• **WORK ITEM**:
The answer should hold only the lines from the beginning of the material through the one with "对舒适度、人性化的落后认知也", reproduced exactly and without pictures.

• **DATA SECTION**:
++++++
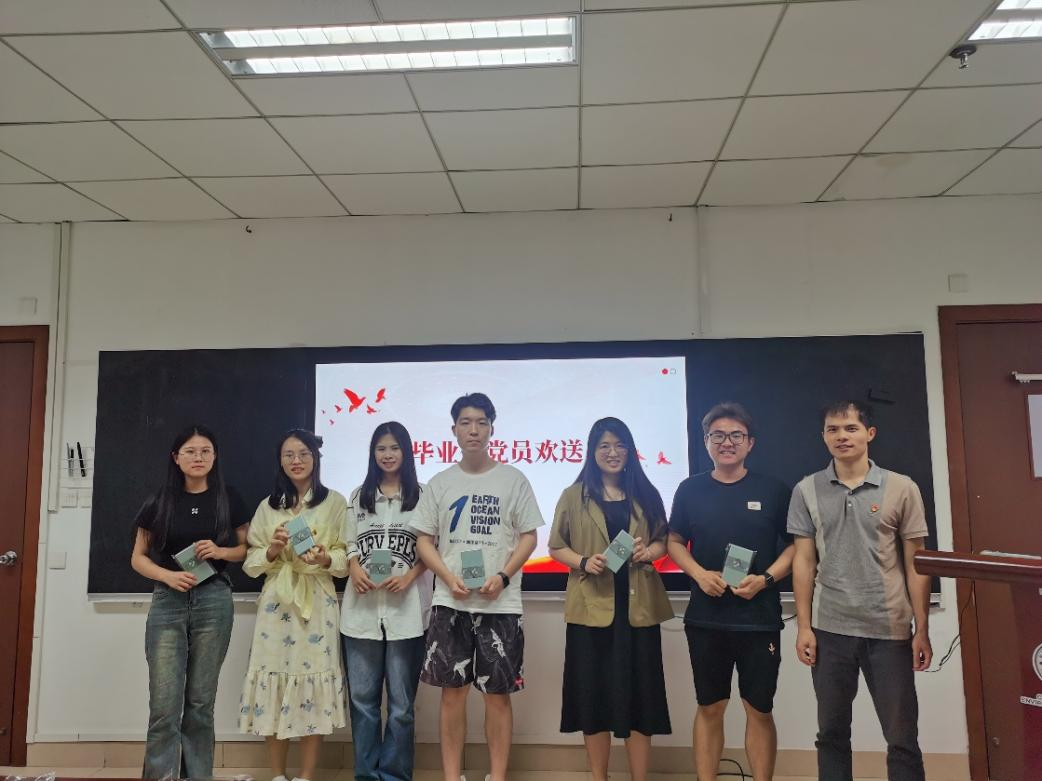 活动还安排了毕业生党员欢送环节,支部为他们送上精心准备的纪念礼物。带着满满的不舍与祝福,大家依依惜别、合影留念。
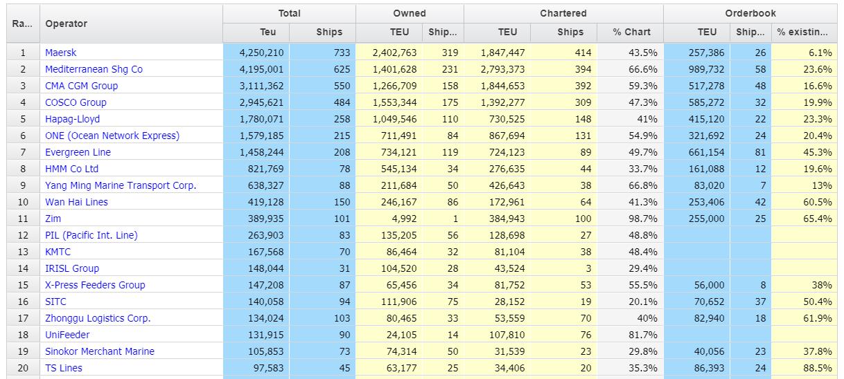 Alphaliner最新运力数据显示,截至2021年10月29日,全球班轮公司运力100强中排名前三的是马士基航运、地中海航运、达飞集团。前三大班轮公司的总运力占到了市场的46.2%。全球总营运班轮船舶为6,287艘、25,186,618 TEU折合302,157,447 DWT。
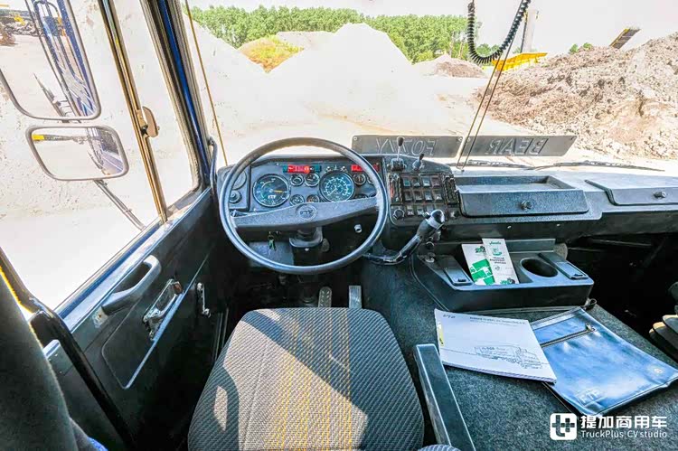 对舒适度、人性化的落后认知也存在于这台卡车之上:它的驾驶室采用平头结构,虽然是一台不折不扣的长款驾驶室,但垂直空间确实是不足。车顶上安装了灯箱、气喇叭、旋转告警灯等附件,同时驾驶室侧壁上带有黑色的扶手,增强实用性。
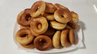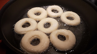 Στη συνέχεια, ανοίξτε τεντώνοντας μια κρούστα με πάχος περίπου 1 cm και χρησιμοποιώντας μία κούπα, κόψτε τους κύκλους και με ένα μικρό ποτηράκι για ρακί, κάντε τις μικρότερες τρύπες στο κέντρο. Χρησιμοποίησα ένα καπάκι για να κόψω τους μικρούς κύκλους. Ανακατέψτε ξανά την υπόλοιπη ζύμη και πάλι κάντε ντόνατς στο επιθυμητό σχήμα.
++++++
• **SOLUTION TO THIS TASK**:
 活动还安排了毕业生党员欢送环节,支部为他们送上精心准备的纪念礼物。带着满满的不舍与祝福,大家依依惜别、合影留念。
 Alphaliner最新运力数据显示,截至2021年10月29日,全球班轮公司运力100强中排名前三的是马士基航运、地中海航运、达飞集团。前三大班轮公司的总运力占到了市场的46.2%。全球总营运班轮船舶为6,287艘、25,186,618 TEU折合302,157,447 DWT。
 对舒适度、人性化的落后认知也存在于这台卡车之上:它的驾驶室采用平头结构,虽然是一台不折不扣的长款驾驶室,但垂直空间确实是不足。车顶上安装了灯箱、气喇叭、旋转告警灯等附件,同时驾驶室侧壁上带有黑色的扶手,增强实用性。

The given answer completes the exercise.